Every now and then, I get curious and check out the employment ads for creatives. You know, the job listings online and in the trade publications. And very quickly I’m reminded why I started my own shop. Folks have lost their “ever-loving minds!”
I get that the economy is still not where any of us want it to be, but there’s no excuse for what agencies are posting. I cannot believe people can even move their mouths to speak this madness. I keep seeing terms like: “‘A’ level talent” or “award winning work” or “cutting-edge creative.”
“You don’t deserve ‘A’ level talent,” I think to myself as I read the ads or look at the agency’s website. “Heck, you wouldn’t even know what to do with that level of talent if it walked through the door.”
You don’t deserve great talent. Not yet.

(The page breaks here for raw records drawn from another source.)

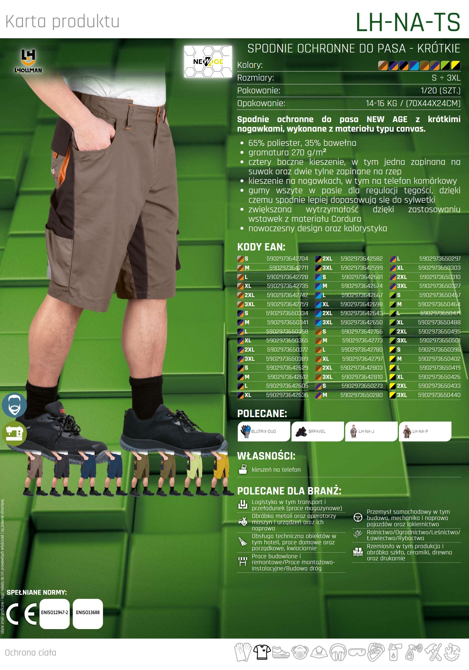 Krótkie spodnie ochronne khaki NEW AGE
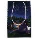 Starry Night art by Traci Van Wagoner print, posters, accessories, and gifts features our original painting of two kids and their big, black dog camping out under the stars reading a fantastical book around a camp fire about knights and dragons. The magic of the story is swirling up into the starry sky to show a knight and a dragon in an eternal nighttime dance of stars. Enjoy a summer night camp out in the mountains.
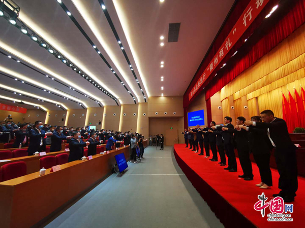 ▲常山县委书记叶美峰带领县四套班子领导、五位“有礼常山”形象大使与代表委员一同行作揖礼
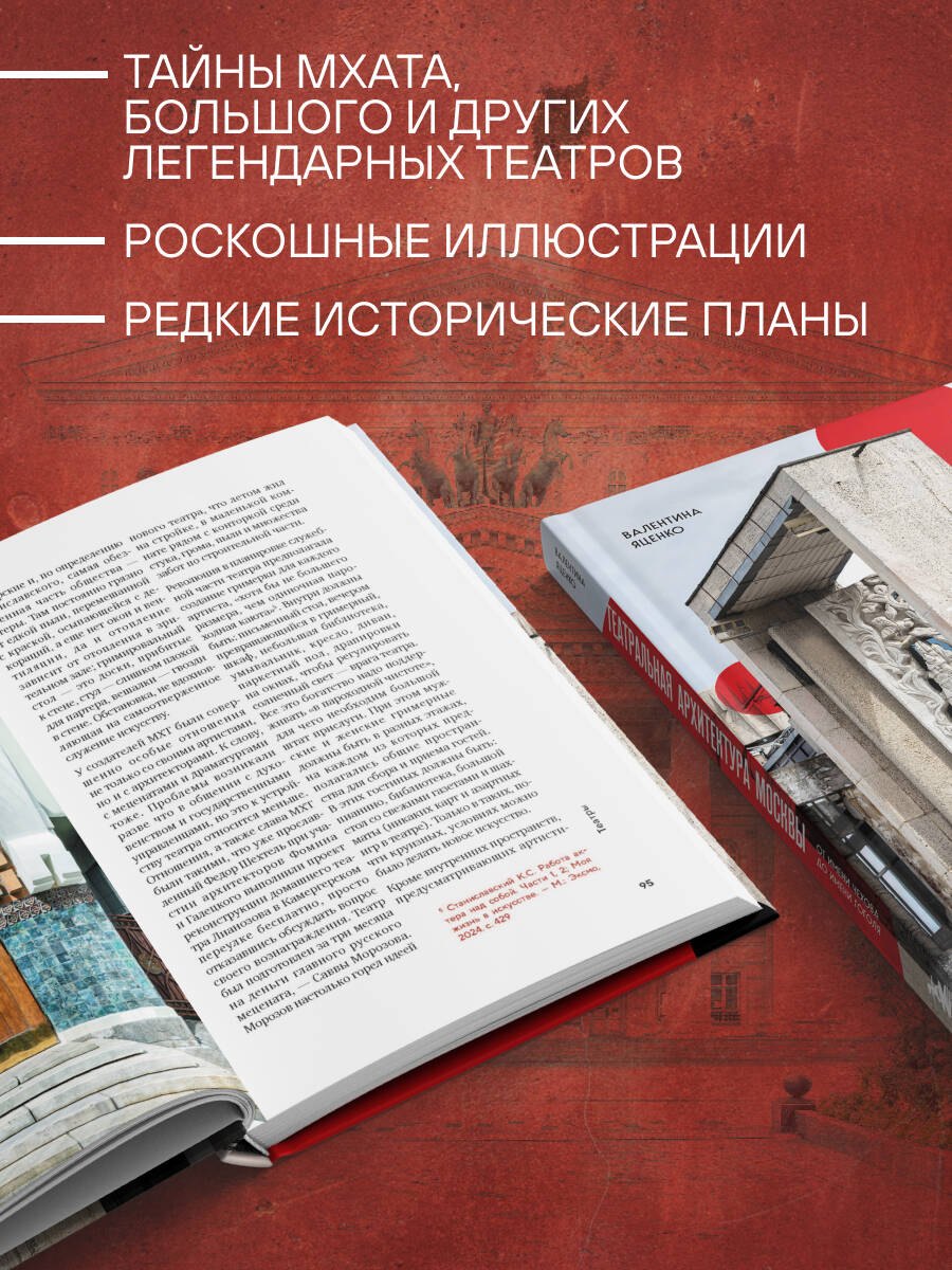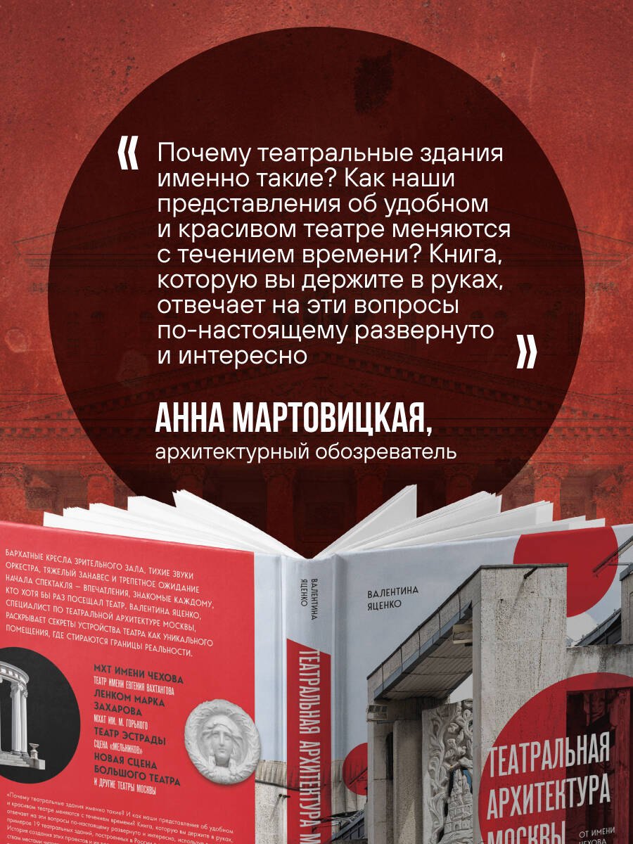 Эта книга — о театрах и о Москве, о том, как самый социальный вид искусства живет на столичных сценах. Валентина Яценко, редактор, долгое время сотрудничающая с театрами Москвы, рассказывает о том, как здание театра с его фасадами, колоннами, фальш-окнами, ложами, лепниной или аскетичной кирпичной кладкой, не просто служит фоном для игры актеров, но вступает в активный диалог с каждым, кто переступает его порог. Именно так само пространство театра становится частью взаимодействия со зрителем.

Many in advertising management have not been trained to manage great talent.
There’s a responsibility that comes with having “A” level talent. They come with huge and strong egos. These folks know they’re very good — they didn’t get this way by accident. These professionals are bringing their skills and talents to your shop with an expectation of more than a salary and benefits. They’re expecting an opportunity to perform at the level that you promised in your ads. They believe that your agency is going to provide the environment and support that will help them to do the type of work you claimed your agency was looking for, the type of work that this level of professional does. And guess what happens when next?
They either become disgruntled and the whole working relationship deteriorates, or they start on their exit strategy, or they simply stop caring and start phoning it in. None of which is a benefit to your agency or clients.

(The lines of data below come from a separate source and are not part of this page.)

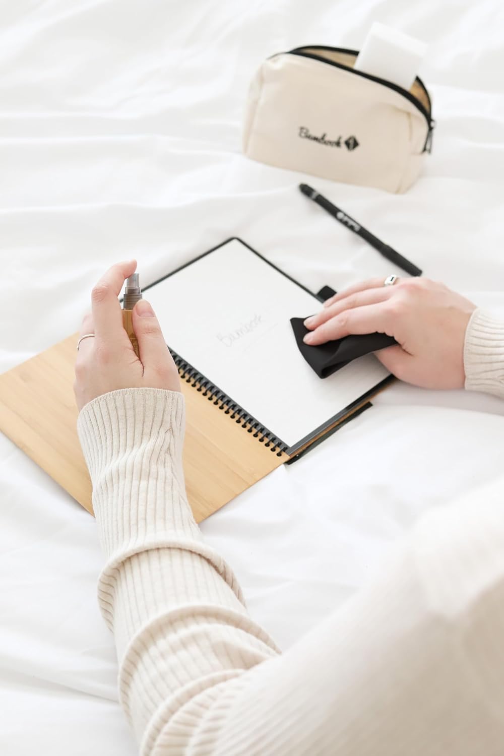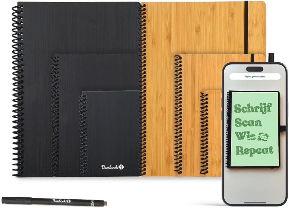 Bambook è il quaderno con lavagna cancellabile. La versione Classic è disponibile con copertina morbida in cartoncino di bambù nero e con copertina rigida in legno di bambù in formato A6. Usa questo taccuino come taccuino, taccuino ad anelli, taccuino, taccuino accademico e diario dei proiettili. Il taccuino riutilizzabile Classic è dotato di rilegatura a spirale per raccogliere le pagine, e di un pratico portapenne laterale che ti permette di avere sempre la tua penna Bambook a portata di mano. Scansiona e digitalizza i tuoi appunti con l'app Bambook. Archivia istantaneamente tutte le tue informazioni importanti e contribuisci a un futuro sostenibile e senza carta. Personalizzato, pratico ed ecologico. Contiene una penna Bambook gratuita. Queste penne hanno uno spessore di scrittura di 0,6 mm e l'inchiostro è nero. Sul retro del pennarello si trova una gomma per piccole correzioni nei tuoi taccuini. Il taccuino Bambook è un taccuino con pagine cancellabili. Ideale per schizzi, appunti ed elenchi temporanei di cose da fare. Completamente cancellabile e riutilizzabile. Pianta 1 albero per ogni taccuino Bambook. Copertina rigida
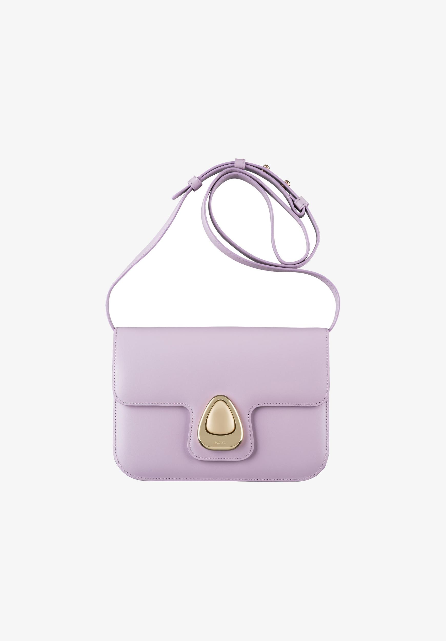 A.P.C. Women's bag. - Handbag with a jewelry-style clasp with 80s inspiration. - Soft cowhide leather. - Adjustable leather strap. May be carried on shoulder or across chest. - Goldtone magnetic clasp. - Flap lined in cowhide suede split. - Two compartments and one pocket on interior. - Embossed goldtone A.P.C. logo on clasp. - Available in a larger version, the Astra bag.
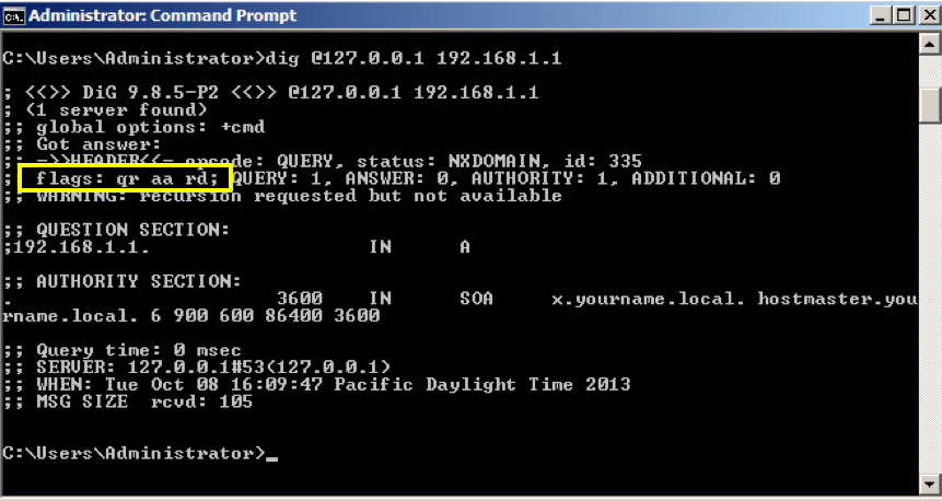 This server will return a NXDOMAIN (non existing domain) answer whenever a recursive query is made.

This economy has seen some really good talent looking for work, and some agencies have seen this as an opportunity to reach for the stars. And in theory, there is nothing wrong with that, but what happens when you do hire this really good professional? These are not order-takers; they’re used to contributing, speaking up, and pushing back. If you are not prepared, you might mistake this for egos out of control, but it’s really part of the process of creating the work you are after. The creative process is not always a giant “love fest.” Sometimes, when strong ideas collide conflict occurs, you can’t take it personally.
Every agency owner or member of management dreams of being “that hot shop” who does the work that everyone else envies, admires, or even hates. But simply hiring great talent is not the answer. Becoming “that shop” requires a herculean effort by management to not only bring all the pieces to together, but to hold them in place and keeping them working.
Have you created an environment that fosters doing great creative — removed all the barriers to doing such work?
Have you worked hard to educate your clients to the power and effectiveness of doing great creative, and what the process is going to be like?
Have you invested in training your management team to understand what it takes to create great advertising?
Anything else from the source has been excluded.